Work of 1986 Edsa Revolt still unfinished, say protesters
The work of the 1986 Edsa People Power Revolution is still unfinished.
This was the battle cry of workers, farmers, indigenous peoples, students, and members of environmental, human rights and church groups on the 32nd anniversary of the overthrow of dictator Ferdinand Marcos.
The celebration of the return of democracy in 1986 was the perfect foil for what protesters decried as a “clear and present danger” of another dictatorship.
They said this was the most urgent Edsa commemoration yet and urged Filipinos to restore the spirit of people power that had been trampled on by politicians.
“We are not done with the Edsa revolution,” Budit Carlos, spokesperson for In Defense of Human Rights and Dignity Movement, told the Inquirer.

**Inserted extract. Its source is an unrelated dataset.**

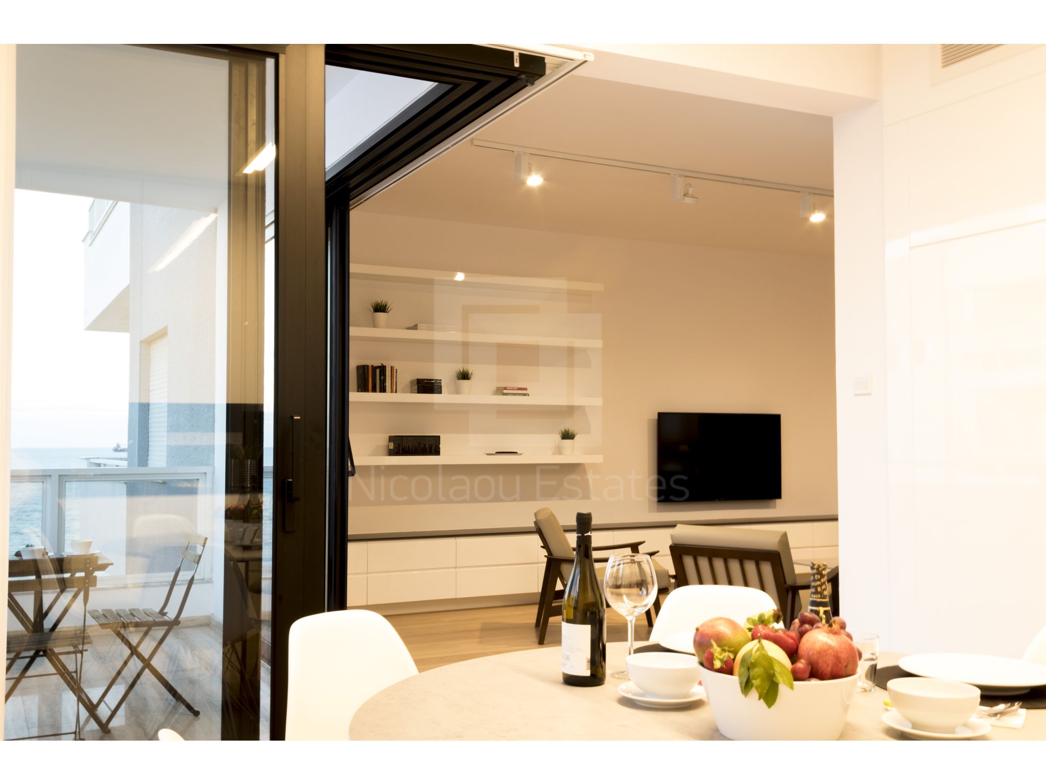 A beautiful 3 bedroom sea view apartment is located on the first line in Potamos Germasogeia area, in a well-kept gated complex with direct access to the beach, next to the 4* and 5* hotels and close to all amenities. 6th Floor/ 3 Bedrooms (master bedroom with ensuite)/ Main bathroom/ Guest WC/ Separate kitchen/ Spacious living/dining room/ Spacious verandas/ Fully renovated, fully furnished & equipped/ Communal swimming pool/ Parking/ Covered area: 170 sq.m.

Carlos rattled off a list of Edsa’s “failed promises” — redistributing the nation’s wealth, democratizing essential services, solving abject poverty — of “elite-dominated administrations.”
“This led to the rise of a strongman—the people are frustrated,” Carlos said.
Friends of Duterte
A profederalism group called Friends of Rody Duterte briefly converged with protesters by midafternoon at the People Power Monument on Edsa, blanketing the area surrounding the shrine in a sea of black, white and red.
Organizers pegged at 2,000 the number of protesters, who occupied several lanes of White Plains Avenue in Quezon City, during the afternoon rally. The Quezon City Police District said 2,750 protesters at the most were at the monument.
Crackdown on the press
At 5:30 p.m., during the Tindig Pilipinas’ program, “People Werpa,” attendees included Senators Antonio Trillanes IV, Francis Pangilinan and Bam Aquino, and members of party-list groups Akbayan and Magdalo.
Jean Enriquez, coconvener of Kalipunan ng Kilusang Masa, said what might have been distant threats to democracy were “happening and more than real” with the crackdown on the press and human rights defenders.
Carlos said the “tools to advance President Duterte’s authoritarian project” were in place—a culture of fear and silence, a vast majority kept uninformed by the clamping of dissent and the proposed revamp of the 1987 Constitution.
“The basic sectors are not asking for a constitutional change, but for a change in their condition, which was not uplifted in the last 32 years,” said Lanz Espacio, spokesperson for Kalipunan.
In a message, Vice President Leni Robredo said: “We should not be careless so as to allow the darkness we have experienced to return. That’s the reason why we should keep Edsa in our hearts every day.”
Former Social Welfare Secretary Judy Taguiwalo and former Bayan Muna Rep. Satur Ocampo joined other activists on Sunday at the statue of The Manila Times founder, the late Chino Roces, on the bridge named after him (formerly Mendiola) in Manila.
“End Duterte’s Fascist Rule, Oppose Dictatorship and Tyranny,” read the card adorning the wreath laid down by Taguiwalo.
She and Ocampo led members of Bagong Alyansang Makabayan, Movement Against Tyranny and farmers’ groups from the Visayas in commemorating the victims of human rights abuses under the Marcos regime, denouncing militarization and calling for genuine agrarian reform.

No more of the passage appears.